To start up the PN process, the sludge that is obtained from sludge refluxed liquid in a municipal sewage treatment plant was inoculated originally to the reactors (mixed liquid suspended solid (MLSS) was 4500 mg/L, and wet sludge inoculation dosage was 1.5 L). Tap water, (NH4)2SO4, and NaHCO3 were added to the domestic sewage to form low C/N wastewater with the detail contents of COD 30–53 mg/L, NH4 +-N 183–220 mg/L, NO2 -N 0–1.1 mg/L, NO3 -N 0–3.5 mg/L, and pH value 7.0–7.5. To promote the growth of AOB and eliminate the metabolism of NOB, constant temperature of 28 °C and relatively low DO concentration of 0.8–1.0 mg/L were maintained during the start-up (phase I). When nitrite accumulation rate (NAR) rose above 80%, AOB was supposed to be sufficient in the system and DO rose up to around 1.5 mg/L accordingly to realize stable operation (phase II). The two reactors were operated parallel with two cycles every day (aeration 11 h, sedimentation and drainage 1 h).

Chemical analysis of water quality

The concentrations of COD, NH4 +-N, NO2 -N, and NO3 -N in influent and effluent were measured daily according to the standard methods by ultraviolet and visible spectrophotometers (V550, JASCO, Japan) (APHA 1995). DO was measured by using an oxygen meter (Model 55/12, YSI, USA), while the pH value was detected by a pH meter (PB-10, Sartorius, Germany). Ammonia removal efficiency (ARE), nitrogen removal efficiency (NRE), and NAR were calculated according to the following three equations to evaluate the reactors’ performance.
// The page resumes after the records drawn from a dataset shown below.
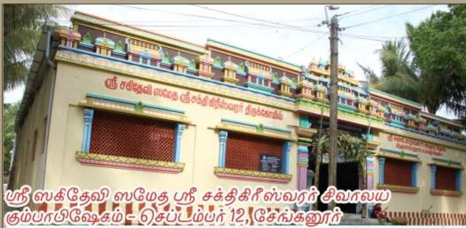
ஸ்ரீ ஸக்தேவி ஸமேத ஸ்ரீ சக்திகிரீஸ்வரர் சிவரவய கும்பாபிஷேகம் - செப்டம்பர் 12, சேங்கனூர்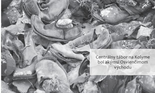
Centrálny tábor na Kolyme bol akýmsi Osviečením východu

„Práce sa zastavujú ak teplomer klesne pod 50° mrazu, pravda, nie s ohľadom na ľudí, ale s ohľadom na to máličko strojovej mechanizácie. Železo viac nevydrží, praská, láme sa.“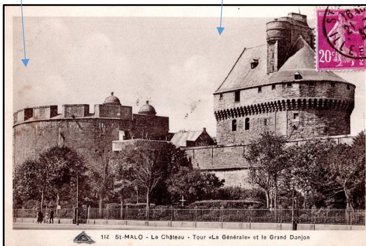
Le Grand Donjon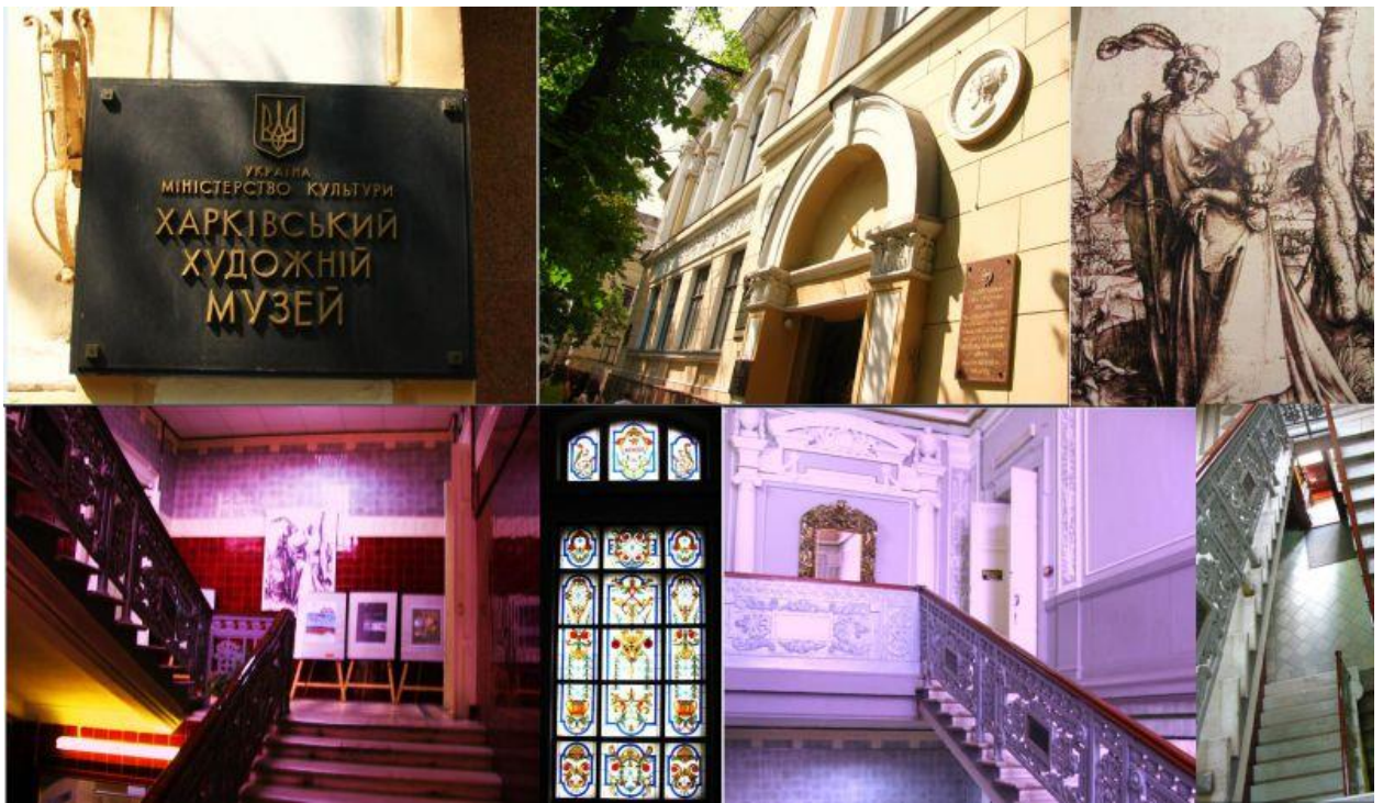
Харківський художній музей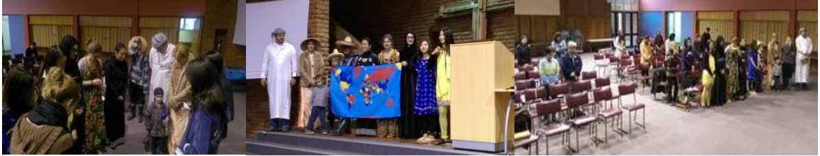
OM 世界福音動員會來訪 分享世界宣教工作 主在各地、各方興起祂的工人

車重量被改成了貨車的重量，官員更是另一隻大龍，也唯有靠主才能得勝完成過戶。路加福音 10：18-20「耶穌對他們說：我曾看見撒但從天上墜落，像閃電一樣。我已經給你們權柄可以踐踏蛇和蠍子，又勝過仇敵一切的能力，斷沒有什麼能害你們。然而，不要因鬼服了你們就歡喜，要因你們的名記錄在天上歡喜。」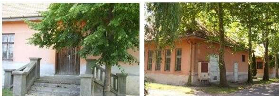
„A hídon túl”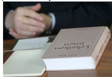
Imena podeljujemo, priimke podedujemo.

Glavnina priimkov se je oblikovala iz štirih vrst poimenovanj. Na prvem mestu so osebna imena, navadno očetovo ime, ki je bilo s končnicami jezikovno preoblikovano v izočetni priimek. »Če je oče Peter,«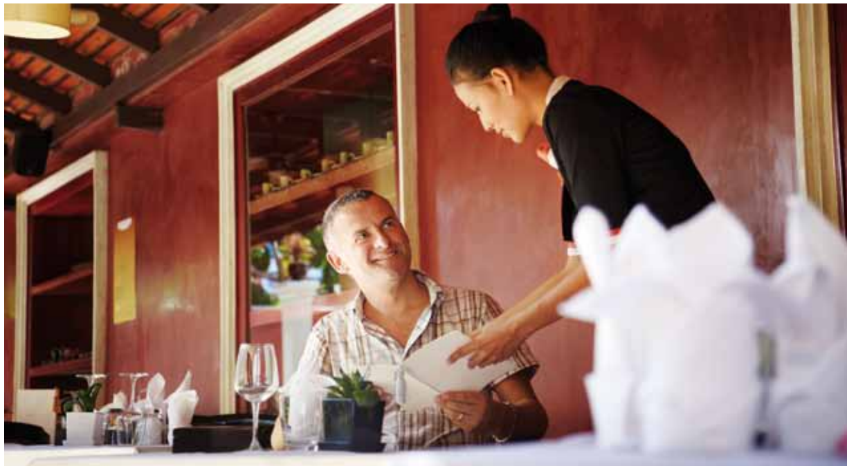
Les principaux secteurs pourvoyeurs d'emplois saisonniers restent les sociétés dont l'activité est liée au tourisme, au commerce, à la restauration et l'hôtellerie. Quelques sociétés du secteur tertiaire comme les banques, offrent également des emplois saisonniers.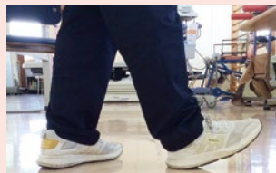
歩く時は踵から床に着地するように意識しましょう。（つま先をあげる）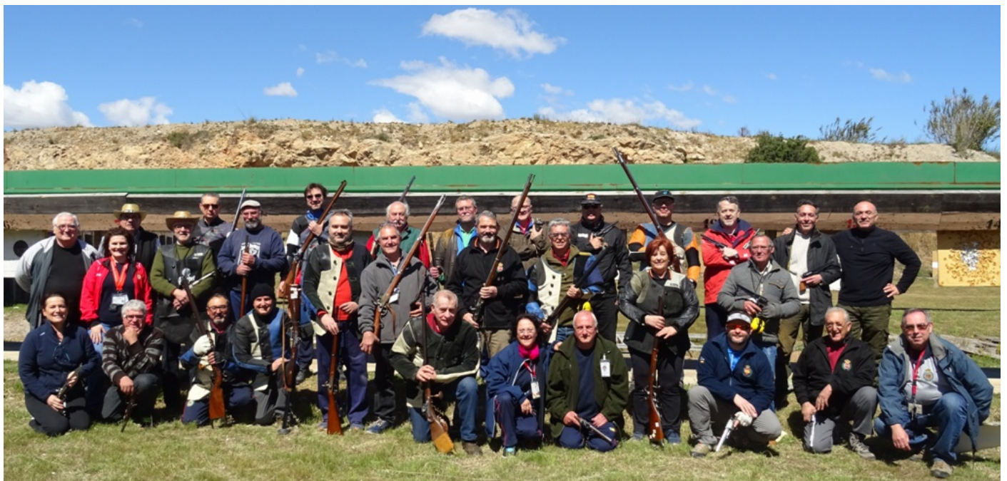
La foto de grupo en la que nos faltan algunos participantes, entre ellos la escuadra completa del club Cambrils.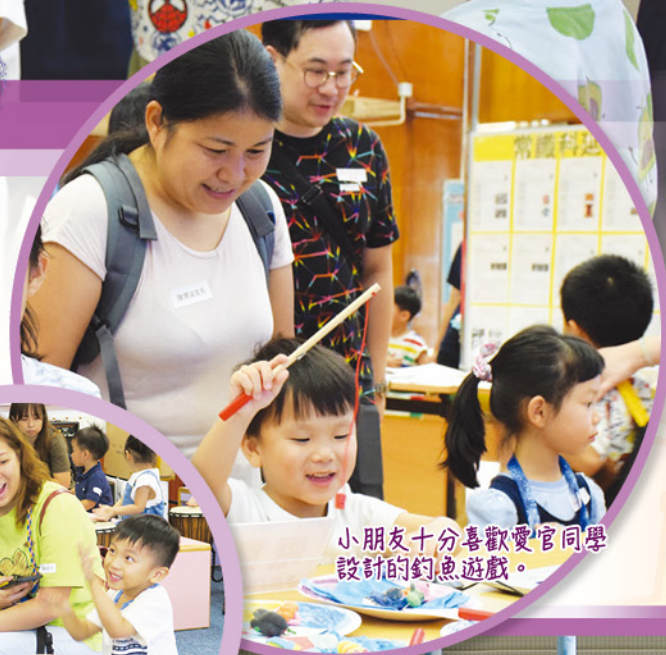
小朋友十分喜歡愛官同學設計的釣魚遊戲。

本校於二零二五年九月十三日（星期六）舉行「幼稚園課程體驗日」。當天，數十位家長及小朋友出席是次課程體驗日的活動，在老師及家長義工帶領下，家長及小朋友體驗愛官好玩、有趣的學習經歷，包括單車、非洲鼓體驗和英語活動等，以及參觀愛官學生作品展，深度了解愛官的學習生活。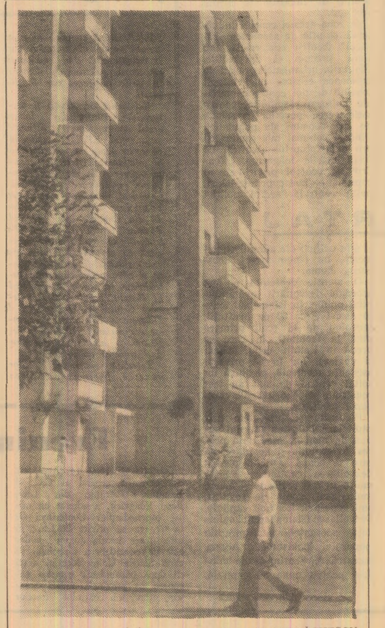
Măreție urbanistică.

27 MAI. Ne-am trezit într-un tîngaj de cosmar. Apa înundase piroa și pupa dar se retrăcea printre țijele de papirus.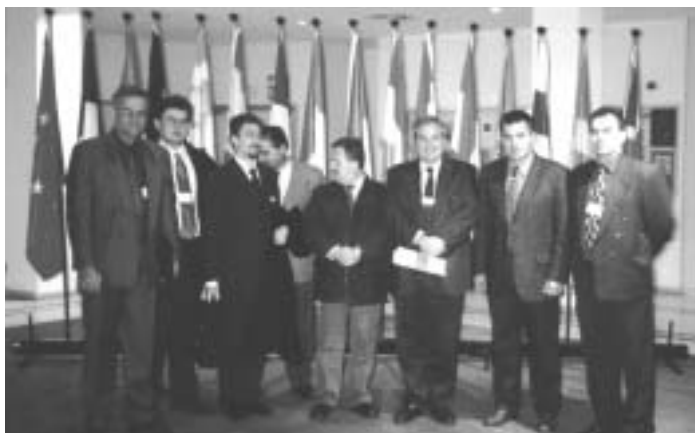
Παράσταση διαμαρτυρίας στο Ευρωκοινοβούλιο για τη μη τήρηση των κανόνων υγιεινής και ασφάλειας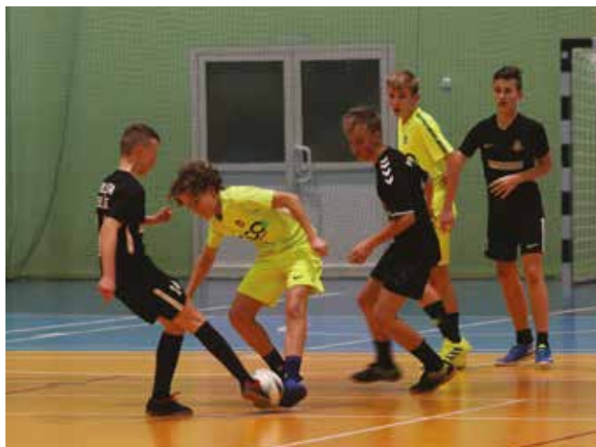
• Turniej mikołajkowy.

W mikołajki Liceum Sportowe w Nowinach zorganizowało halowy turniej dla chłopców którzy trenują w drużynach z najbliższej okolicy, a w przyszłym roku zakończą nauczanie w szkołach podstawowych. Mamy nadzieję, że wielu z nich weźmie udział w przyszłorocznej rekrutacji do naszej szkoły. Drużynom dziękujemy za przybycie oraz sportową rywalizację zgodną z duchem fair play.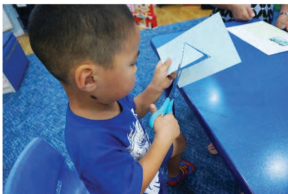
Зураасны дагуу гурвалжин дүрсийг хайчлах

$$ \mathrm{ARE}=\left(\left[{NH}_4^{+}\hbox{-} \mathrm{N}\right] \inf .\hbox{-} \left[{NH}_4^{+}\hbox{-} \mathrm{N}\right]\mathrm{eff}.\right)/\left(\left[{NH}_4^{+}\hbox{-} \mathrm{N}\right] \inf .\right)\times 100\% $$
(1)
$$ NRE=\left(\left[TN\right] \inf .-\left[TN\right]\mathrm{eff}.\right)/\left(\left[TN\right] \inf .\right)\times 100\% $$
(2)
$$ NAR=\left(\left[{\mathrm{NO}}_2^{-}-\mathrm{N}\right]\mathrm{eff}.\right)/\left(\left[{\mathrm{NO}}_2^{-}-\mathrm{N}\left]\mathrm{eff}.+\right[{\mathrm{NO}}_3^{-}-\mathrm{N}\right]\mathrm{eff}.\right)\times 100\% $$
(3)

Measurement of biomass on carriers during start-up

Total solid substances (TSS) on the two types of carriers during start-up were measured by removing the complete biomass from the carriers and taking the weight after drying at 105 °C. In order to have another indicative measurement of the biomass concentration, total polysaccharide and protein contents of biomass attached to the carriers were also determined. Polysaccharide determination was performed according to the sulfuric acid-anthrone method, while total protein concentration was determined by Lowry’s method (Bassin et al. 2012).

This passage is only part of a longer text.